Personal information
- Born: March 31, 1993 (age 33) Winston-Salem, North Carolina, U.S.
- Listed height: 6 ft 0 in (1.83 m)
- Listed weight: 196 lb (89 kg)

Career information
- High school: Carver (Winston-Salem)
- College: Coastal Carolina
- NFL draft: 2015: undrafted

Career history
- Philadelphia Eagles (2015); Houston Texans (2016); Indianapolis Colts (2017)*; Cleveland Browns (2018); Buffalo Bills (2018); Baltimore Ravens (2019)*; TSL Blues (2021);
- * Offseason or practice squad member only

Career NFL statistics
- Total tackles: 14
- Pass deflections: 1
- Interceptions: 1
- Stats at Pro Football Reference

= Denzel Rice =

American football player (born 1993)

Denzel Rice (born March 31, 1993) is an American former professional football player who was a cornerback in the National Football League (NFL). He played college football for the Coastal Carolina Chanticleers.

==Professional career==
===Philadelphia Eagles===
Rice was signed by the Philadelphia Eagles as an undrafted free agent in 2015. On August 28, 2016, Rice was waived by the Eagles.

===Houston Texans===
On October 19, 2016, Rice was signed to the Houston Texans' practice squad. He was promoted to the active roster on December 10, 2016.

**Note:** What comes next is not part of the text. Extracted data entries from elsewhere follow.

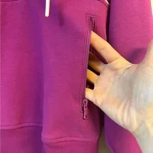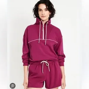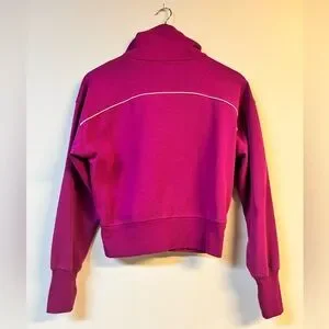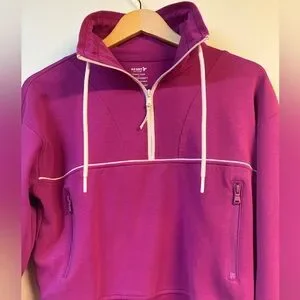 In excellent like new condition; worn once. Soft half-zip pullover hoodie with a high collar. Contrast drawcords and piping detail. Relaxed fit for everyday wear. Lightweight, breathable fabric. Length 21”; PTP 20”. Pet-free, smoke-free home.
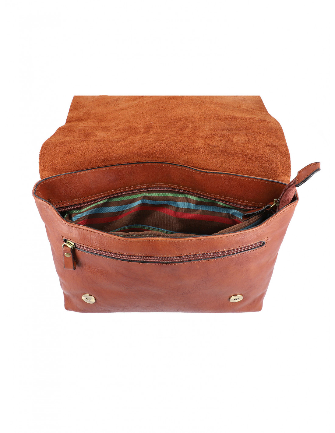 vnější zadní kapsa uzavíratelná na zip a větší přední kapsa uzavíratelná na zip pod klopou
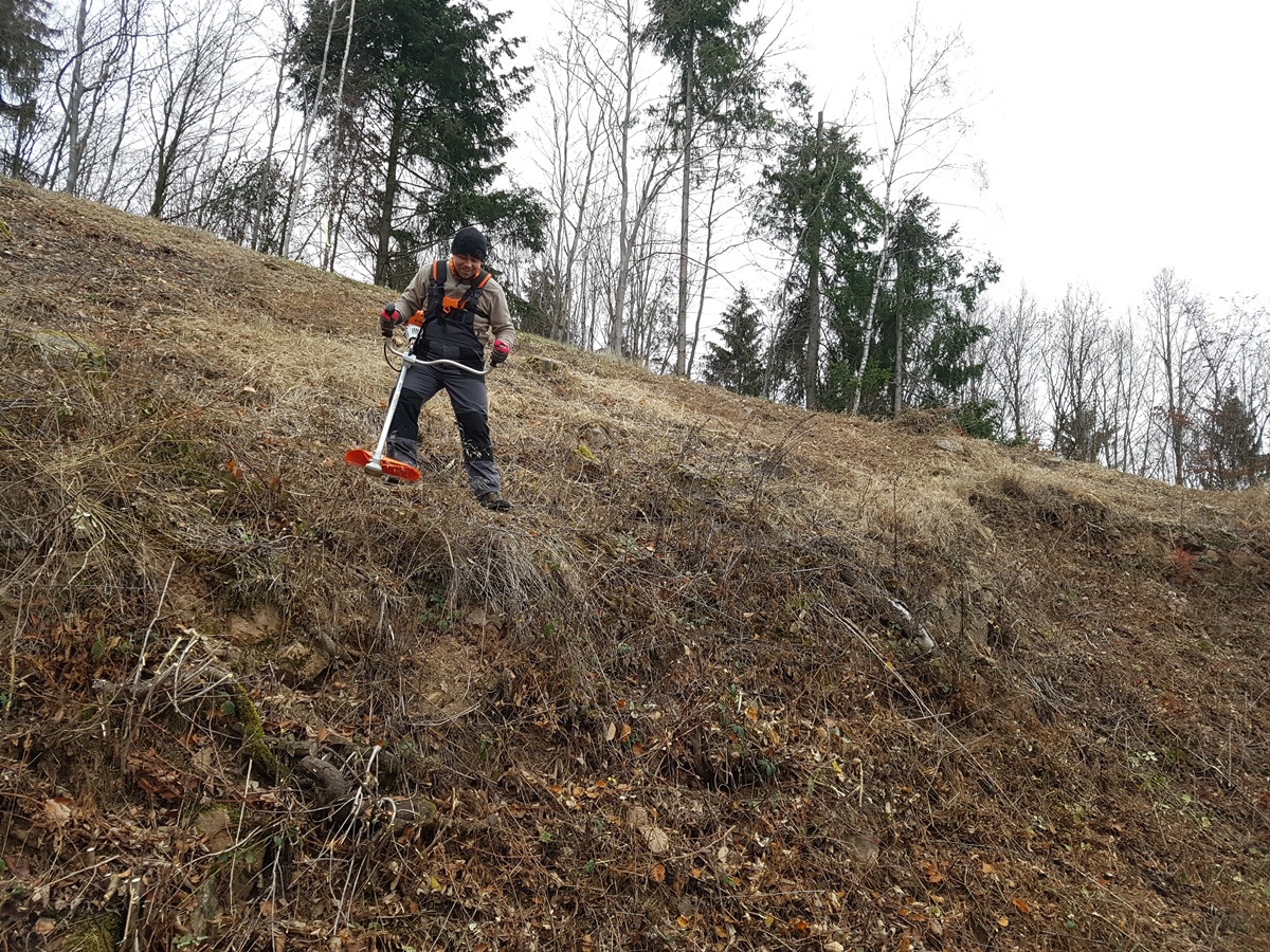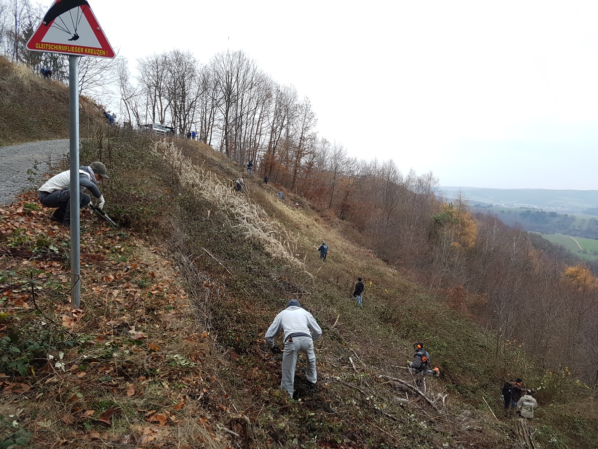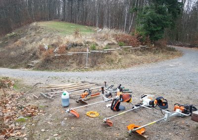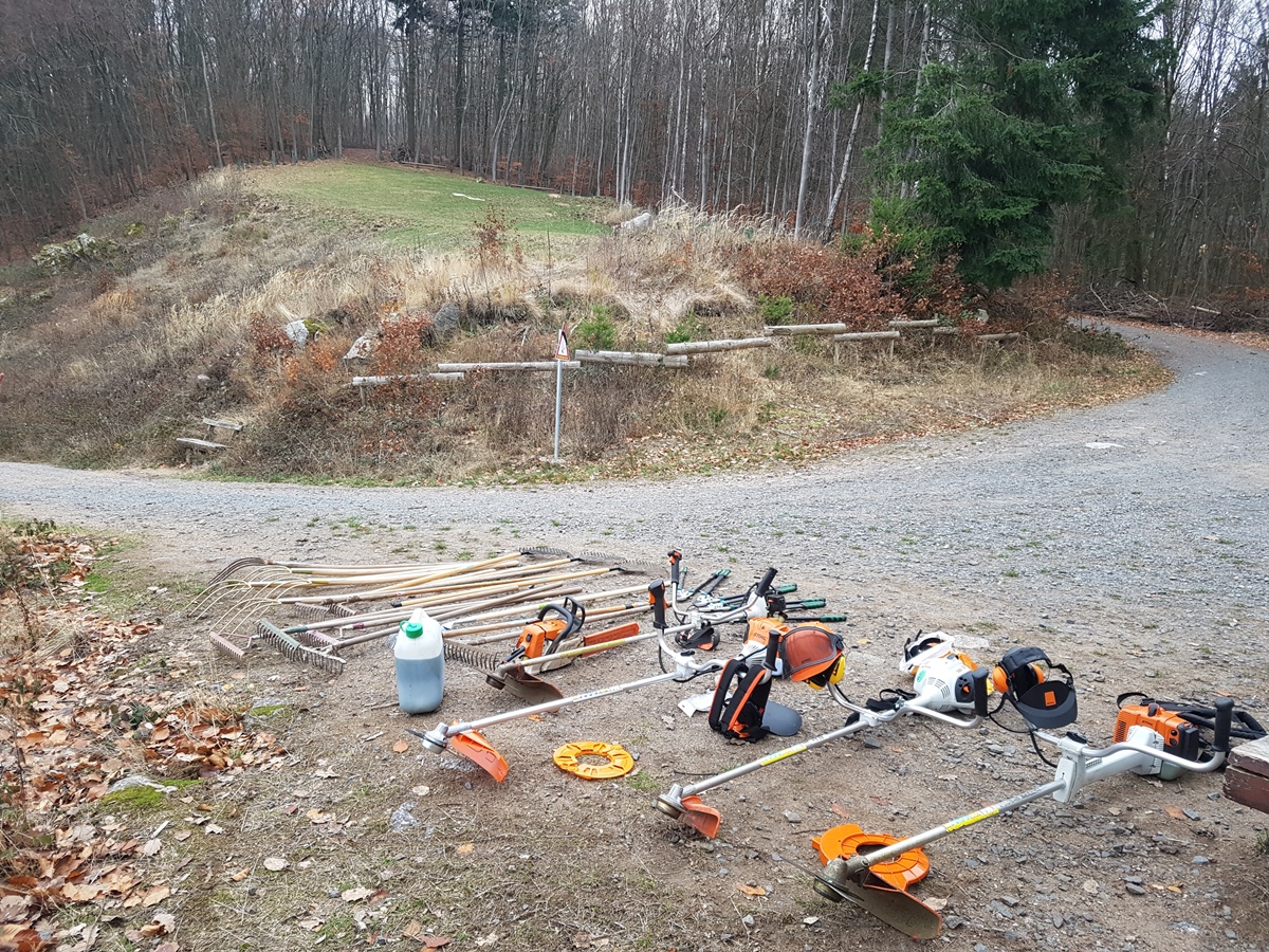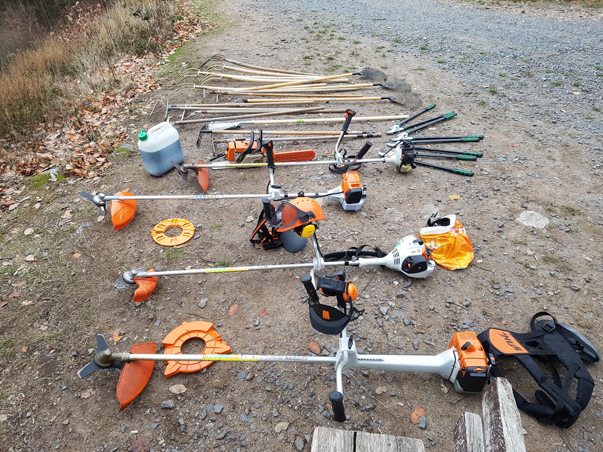 Es waren sechs Freischneider gleichzeitig im Einsatz, dazu etliche Astscheren, Rechen und Heugabeln.

On September 2, 2017, Rice was waived/injured by the Texans and placed on injured reserve. He was released on September 8, 2017.

===Indianapolis Colts===
On November 6, 2017, Rice was signed to the Indianapolis Colts' practice squad.

===Cleveland Browns===
On January 31, 2018, Rice signed a reserve/future contract with the Cleveland Browns. He made the Browns final roster, playing in eight games before being waived on November 7, 2018.

===Buffalo Bills===
On November 13, 2018, Rice was signed to the Buffalo Bills practice squad. He was promoted to the active roster on December 4, 2018. He was released on August 31, 2019.

===Baltimore Ravens===
On October 15, 2019, Rice was signed to the Baltimore Ravens practice squad. His practice squad contract with the team expired on January 20, 2020.